Notes on Even and Odd Functions; Parity and Piecewise Example

Even Functions

Definition: A function is even if it is symmetric about the y-axis, meaning for all x in the domain,
f(-x)=f(x).
Graphical intuition: For every point (x, f(x)) there is a corresponding (-x, f(-x)) with the same y-value.
Common examples: f(x)=x^2, f(x)=\cos x (both symmetric about the y-axis).
Practical check: If you mirror the graph across the y-axis, you obtain the same graph.

Definition: A function is odd if it is symmetric about the origin, meaning for all x in the domain,
f(-x)=-f(x).
Graphical intuition: For every point (x, f(x)) there is a corresponding (-x, -f(x)) reflected through the origin.
Common examples: f(x)=\sin x, f(x)=\tan x (both have origin symmetry).
Practical check: If you rotate the graph 180 degrees about the origin, you obtain the same graph.
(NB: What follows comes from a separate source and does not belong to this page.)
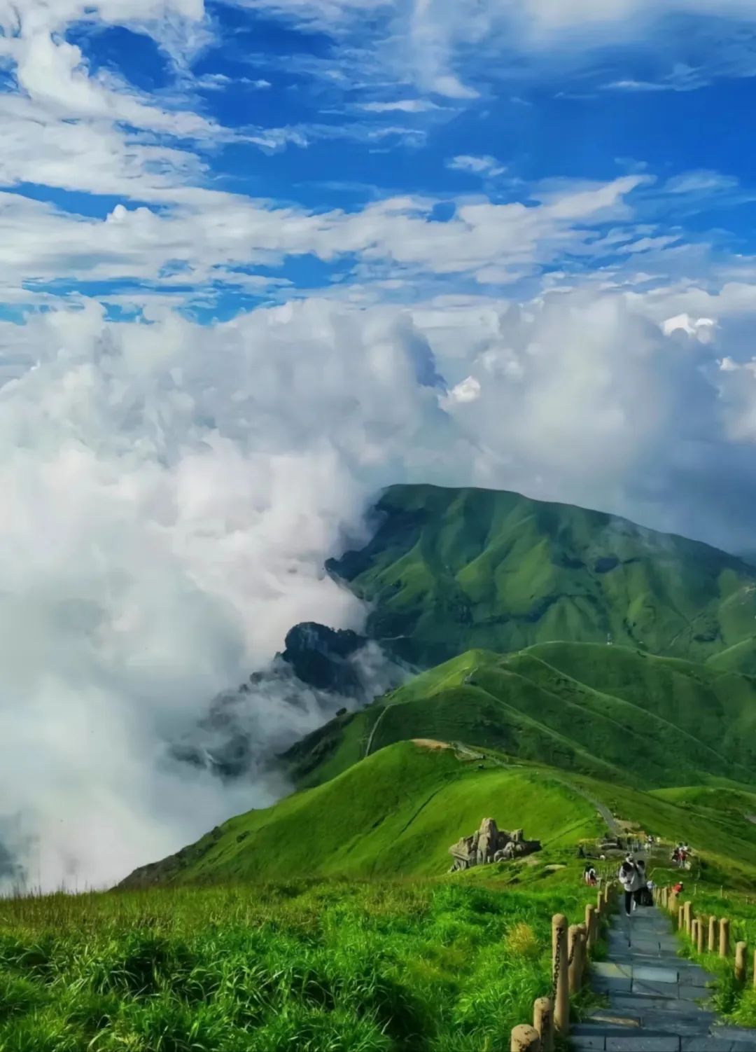 现在的武功山漫山遍野都是绿色的草原

Step 1: Evaluate f(-x) in terms of x.
Step 2: Compare with f(x) and -f(x):
- If f(-x)=f(x) for all x in the domain, the function is even.
- If f(-x)=-f(x) for all x in the domain, the function is odd.
- If neither condition holds for all x, the function is neither even nor odd.
Important caveat:
- You must check for all x in the domain, not just a few sample points. Parity is a global property.
Domain note: If the domain is not symmetric about 0, parity concepts are limited or may not apply as stated.
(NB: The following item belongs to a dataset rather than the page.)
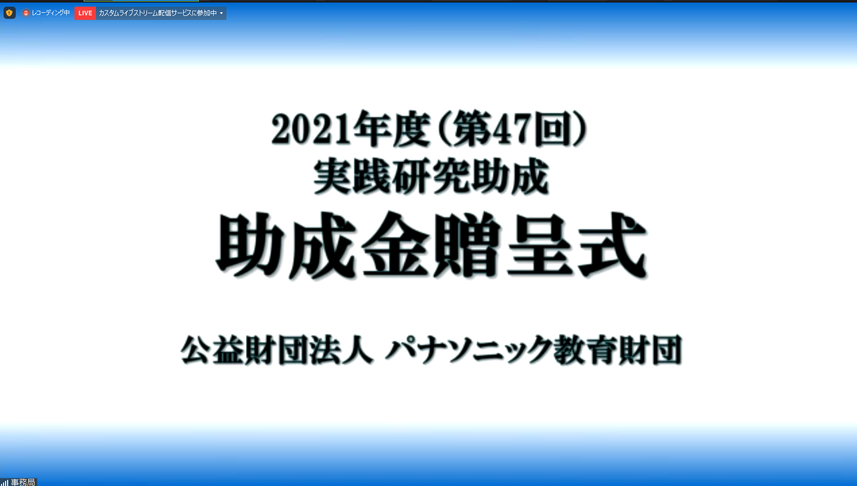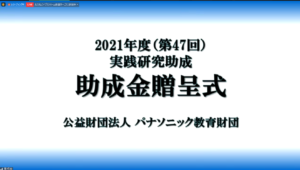 5/28は、パナソニック教育財団・助成金贈呈式であったが、昨年度に引き続き今年度もオンラインの開催となった。

Example 1: Let f(x)=x^2. Then f(-x)=(-x)^2=x^2=f(x). Hence even.
Example 2: Let g(x)=x^3. Then g(-x)=(-x)^3=-x^3=-g(x). Hence odd.
Example 3: Let h(x)=x^2+x. Then h(-x)=(-x)^2+(-x)=x^2-x≠h(x) and ≠-h(x) in general, so neither.
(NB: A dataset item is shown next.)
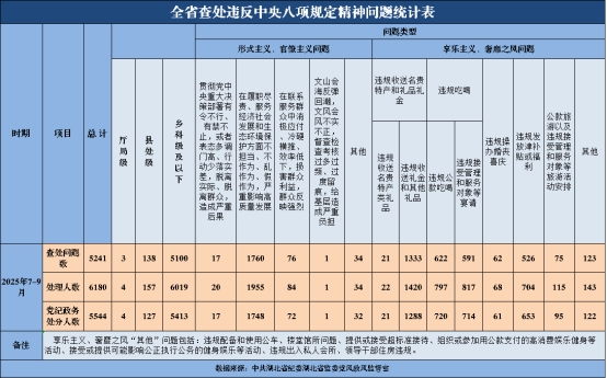 2025年第三季度,全省查处违反中央八项规定精神问题5241起,批评教育和处理6180人,其中,党纪政务处分5544人。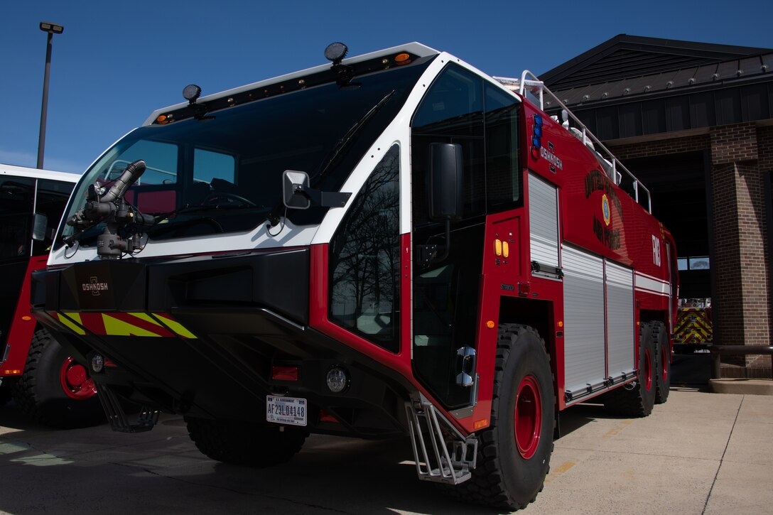 One of two new fire trucks sit on display outside of Fire Station 2 at Joint Base Andrews, Md., March 1, 2024. These new trucks replaced fire trucks that were over 30 years old. (U.S. Air Force photo by Senior Airman Daekwon Stith)

Description of the function from the transcript:
- From 0 to 2: a line with slope 30, described as f(t)=30t.
- From 2 to 4: a horizontal line with constant value 60, described as f(t)=60.
Piecewise definition (consistent interpretation):

f(t)=\begin{cases}
30t, & 0\le t\le 2,\
60, & 2< t \le 4.
\end{cases}
Key observations:
- At t=2, both pieces yield 60, so the function is continuous at t=2.
- First segment slope (rise over run):
  m_1=\frac{f(2)-f(0)}{2-0}=\frac{60-0}{2}=30.
- Second segment slope is zero (horizontal line): m_2=0.
- Derivative (where defined):
  
  f'(t)=\begin{cases}
  30, & 0<t<2,\
  0, & 2<t<4,\
  \text{undefined}, & t=2
  \end{cases}
Graphical interpretation:
- A straight line from (0,0) to (2,60) with slope 30.
- A horizontal line at y=60 from t just above 2 to 4.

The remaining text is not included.